I just joined a new company and my manager just joined too, and he wants to change the way we program. basically do what he does. I'm wondering what's the difference, pros, cons, limitation and problems if there'll be any..here's the sample
namespace Models //this is the model part of from edmx
{
using System;
using System.Collections.Generic;
public partial class MyModelClass
{
public int ID { get; set; }
public Nullable<System.DateTime> PostDate { get; set; }
public string MyContent { get; set; }
}
}
this is the metadata:
using System;
using System.Collections.Generic;
using System.Linq;
using System.Web;
namespace Models
{
public class MyModelMetaData
{
//he wants all data annotation here
public int ID { get; set; }
public Nullable<System.DateTime> PostDate { get; set; }
public string MyContent { get; set; }
}
}
this is the partial:
using System;
using System.Collections.Generic;
using System.ComponentModel.DataAnnotations;
using System.Linq;
using System.Web;
namespace Models
{
[MetadataType(typeof(MyModelMetaData))]
public partial class MyModelClass or MyModelClassPartial
{
//He wants the programming algorithm to go here
}
}
Please enlightened me. and he wants to create different metadata and partial classes per model class..way too many files involved.
thank you..i need an answer as to why..if you think his method is good..I will do this..but if you think this will cause problem in the future and more coding will be involve..i need to know
The first class you show, the entity classes, are generated from the database every time you save the EDMX (or when you execute the T4 Template).
This causes the file containing public partial class MyClass
under the EDMX to be regenerated. So you cannot alter it, because the next time someone refreshes a table or adds one, your changes are gone.
That's why entity classes are generated as a partial: so you can create another partial to the same class to do your modifications in.
However, if you want to annotate your entity's properties with metadata, you cannot redefine the same property in the other partial class: the same name can only be used by one member of a type. So you can't do this:
// Entity class
public partial class FooEntity
{
public string Name { get; set;}
}
// User-created partial class
public partial class FooEntity
{
[Required]
public string Name { get; set;}
}
Because that code expresses you want two properties named Name
in the FooEntity
class, which is not valid.
So you'll have to come up with another way to add metadata to the type. Enter the [MetadataType]
attribute. This works by creating a new class with the same properties as the class to be annotated. Here, using reflection, the metadata is resolved based on member name.
So when you create a metadata class for the above annotation:
public class FooEntityMetadata
{
[Required]
public string Name { get; set;}
}
You can apply it to the user-created partial:
// User-created partial class
[MetadataType(typeof(FooEntityMetadata))]

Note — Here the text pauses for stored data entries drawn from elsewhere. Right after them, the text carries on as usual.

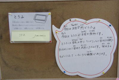 今日の注目は、肉豆腐です。今日は、豆腐が主役の煮物です。豆腐は、豆乳の中に「にがり」など固める役割をするものを入れて固めて成形したものです。かため方の違いによっていろいろな種類があります。では、ここでクイズです。豆乳を冷やしたあと、容器に入れて熱を加えて固めた豆腐のことをなんというでしょうか?答えは、「充填とうふ」です。この充填豆腐は保存がきく豆腐です。固め方によって食感が違います。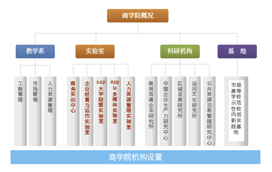 公司机构设置:永利3044noc下设工商管理系、市场营销系、人力资源管理系3个学系。建有北京市高等学校示范性校内创新实践基地——商务运作管理创新实践基地,有商务实训中心、企业经营与运作实验室、SAP大学联盟实验室、APPLE多媒体实验室、人力资源管理实验室、社会保障实训实验室等7个实验室;成立有商贸流通企业研究所、中国企业生产力研究中心、区域发展研究所、运河文化研究所、公共资源交易管理研究中心、大宗商品等多个研究机构。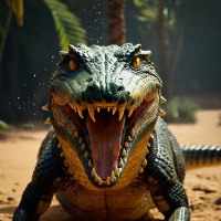 На картинке реалистично изображен крокодил в пейзаже, напоминающем древний период. Заметны скалистая местность и, возможно, окаменелости или кости на заднем плане. Крокодил с раскрытой пастью демонстрирует острые зубы, а его глаза широко открыты, создавая впечатление настороженности или агрессии. Детализированная текстура кожи воссоздает внешний вид настоящего крокодила с гребнями на спине и шее. Стиль картинки указывает на то, что она может быть частью рекламных материалов для игры, фильма или подобного развлекательного продукта.

public partial class FooEntity
{
}
And also, in the latter partial, you can add members that add functionality to the entity model. New ([NotMapped]
) properties and new methods for example.
I think the one use could be to not pollute the main class.
For example if you have a lot of attribute for validation (using dataannotation) and you don't want to have them in the main class you could use the MetadataTypeAttribute for that.
Another use could be if your class is auto-generated and you need to add some decoration (more attributes) to your properties without changing the autogenerated code.